DNAアルキル化という共通機序を軸に、各薬剤の特徴的な違いをゴロで体系化。メスナ併用やBBB通過など臨床応用まで深掘りします。


アルキル化薬の種類をゴロで一気に覚える分類マップ



アルキル化薬は抗がん薬の中でも歴史が古く、種類が多いため「どれがどの分類か」の整理が最初のハードルになります。つまり分類の枠組みを先に覚えることが基本です。

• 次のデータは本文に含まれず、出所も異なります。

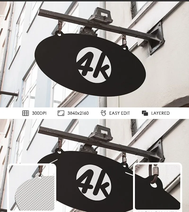 The Oval-Shaped Hanging Signboard Mockup offers a versatile solution for showcasing your logo designs across various settings such as bars, restaurants, clothing shops, offices, or libraries. This mockup is designed for easy customization, allowing you to seamlessly integrate your designs into the scene for a realistic presentation.
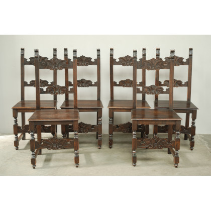 Gruppo di sei sedie rinascimentali con schienale a giorno e cartelle sagomate
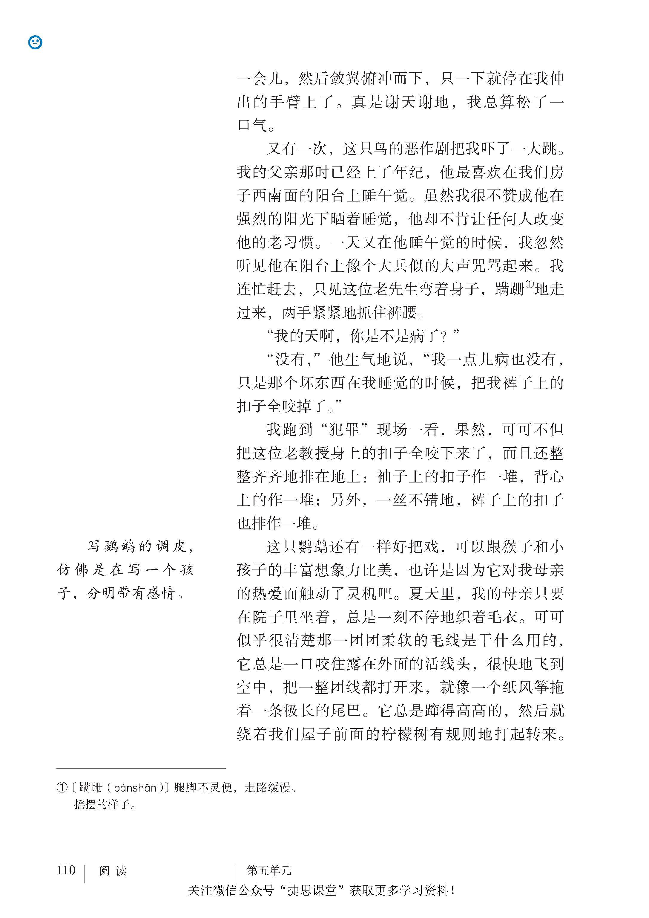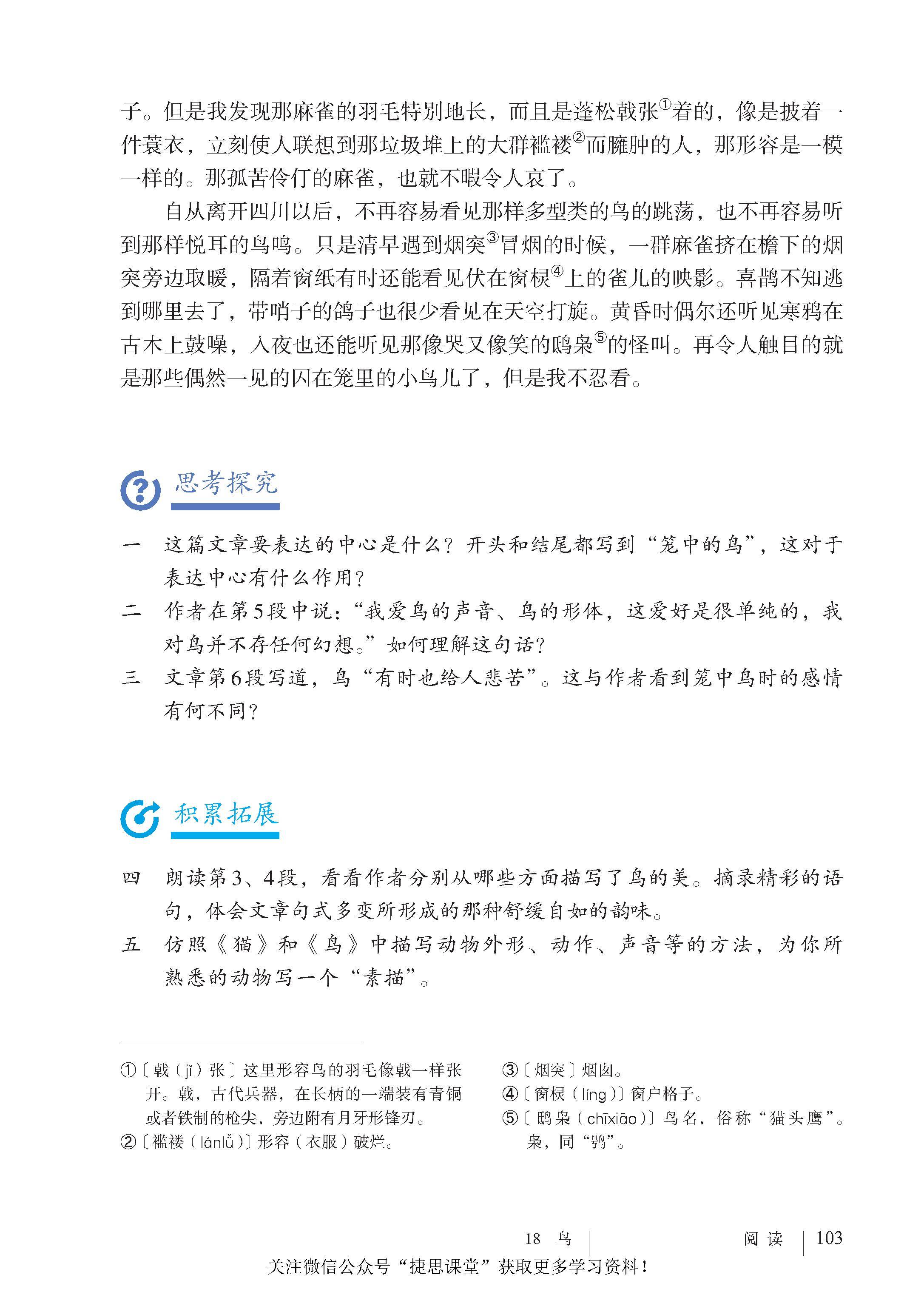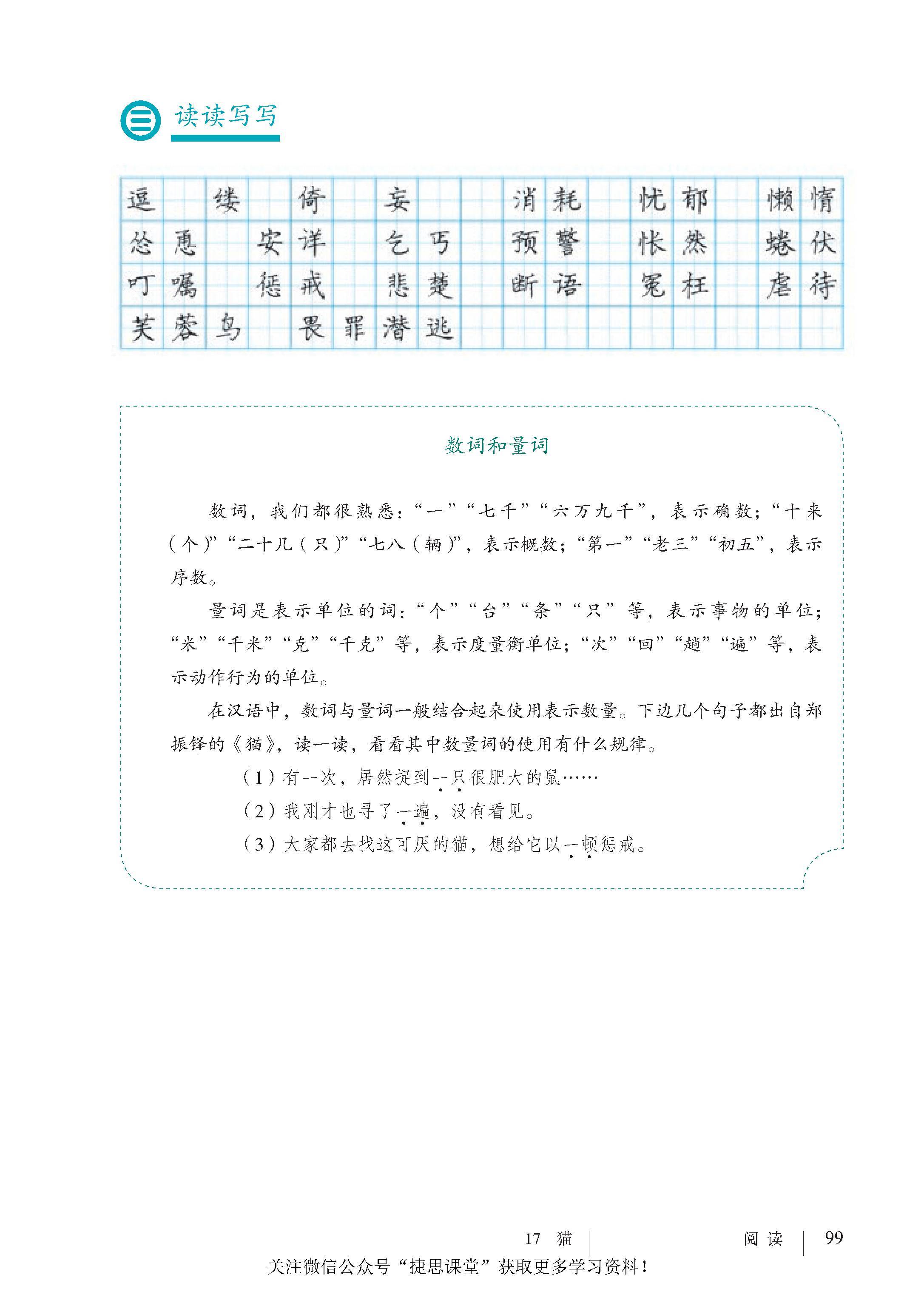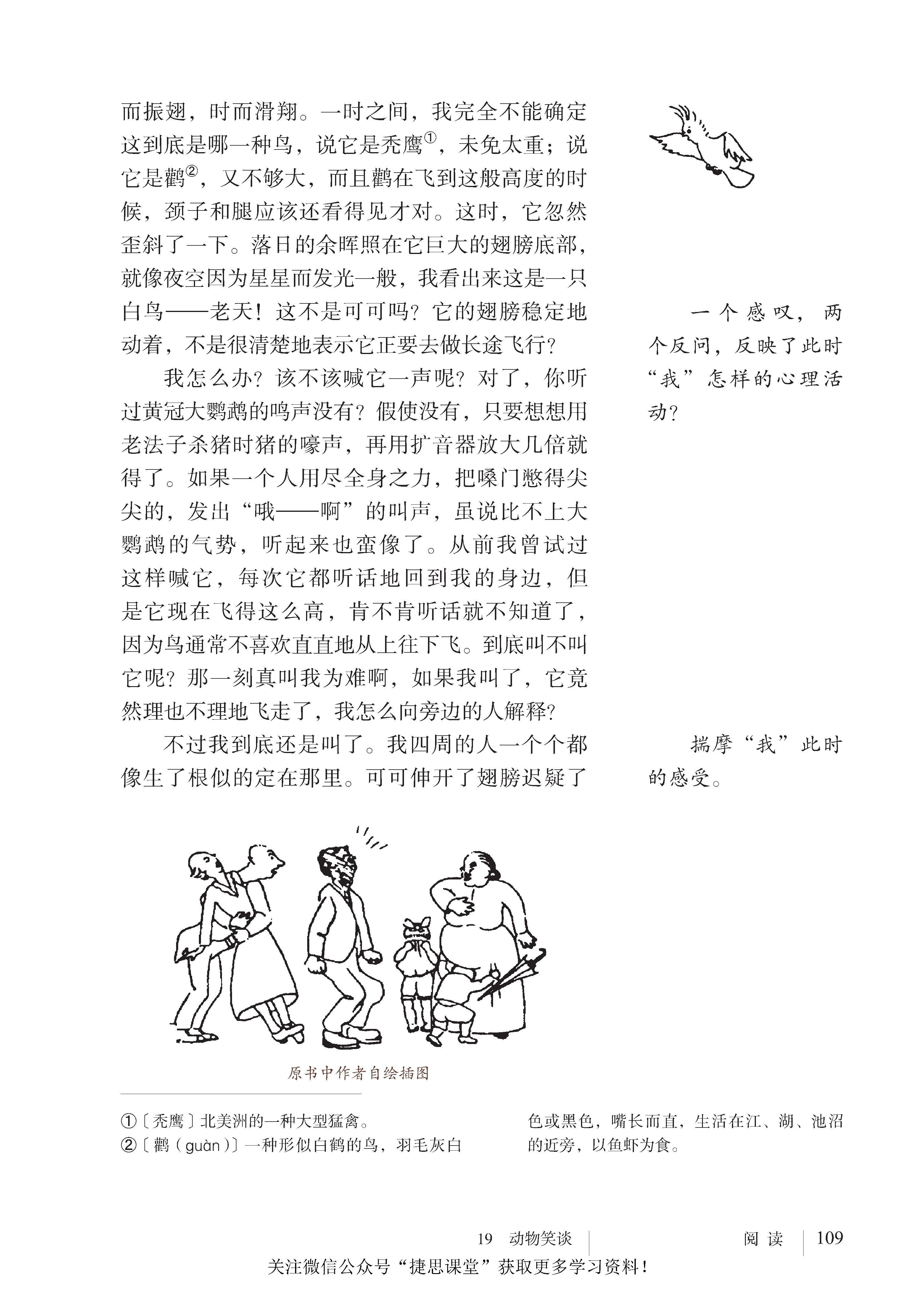 任务一 体会人与动物的关系:17. 猫 / 郑振铎18. 我的白鸽 / 陈忠实19. 大雁归来 / 利奥波德20. 狼 / 蒲松龄任务二 亲近动物,丰富生命体验任务三 记叙与动物的相处

主な分類は大きく5つに分けられます:ナイトロジェンマスタード系、ニトロソウレア系、アルキルスルホネート系、トリアジン系、その他(白金製剤を含む広義の分類)です。この5分類を押さえれば全体の地図が描けます。


ゴロ:「ナイトロン走ってトリアジン」
- ナ → ナイトロジェンマスタード系(シクロホスファミド、イフォスファミド、メルファラン、クロラムブシル)
- ニ → ニトロソウレア系(ニムスチン=ACNU、カルムスチン=BCNU、ロムスチン=CCNU)
- ト → トリアジン系(ダカルバジン、テモゾロミド)
- ア → アルキルスルホネート系(ブスルファン)


これは使えそうです。頭文字「ナニトア」をひとつの流れとして口に出す練習をするだけで、試験直前の確認も30秒で完了します。


ナイトロジェンマスタード系の中でも特に国試・認定試験への頻出度が高いのがシクロホスファミドとイフォスファミドです。この2剤は「プロドラッグ」という共通点があり、肝臓でのCYP活性化が必要なため、肝機能障害患者への投与では注意が必要です。プロドラッグであることが基本です。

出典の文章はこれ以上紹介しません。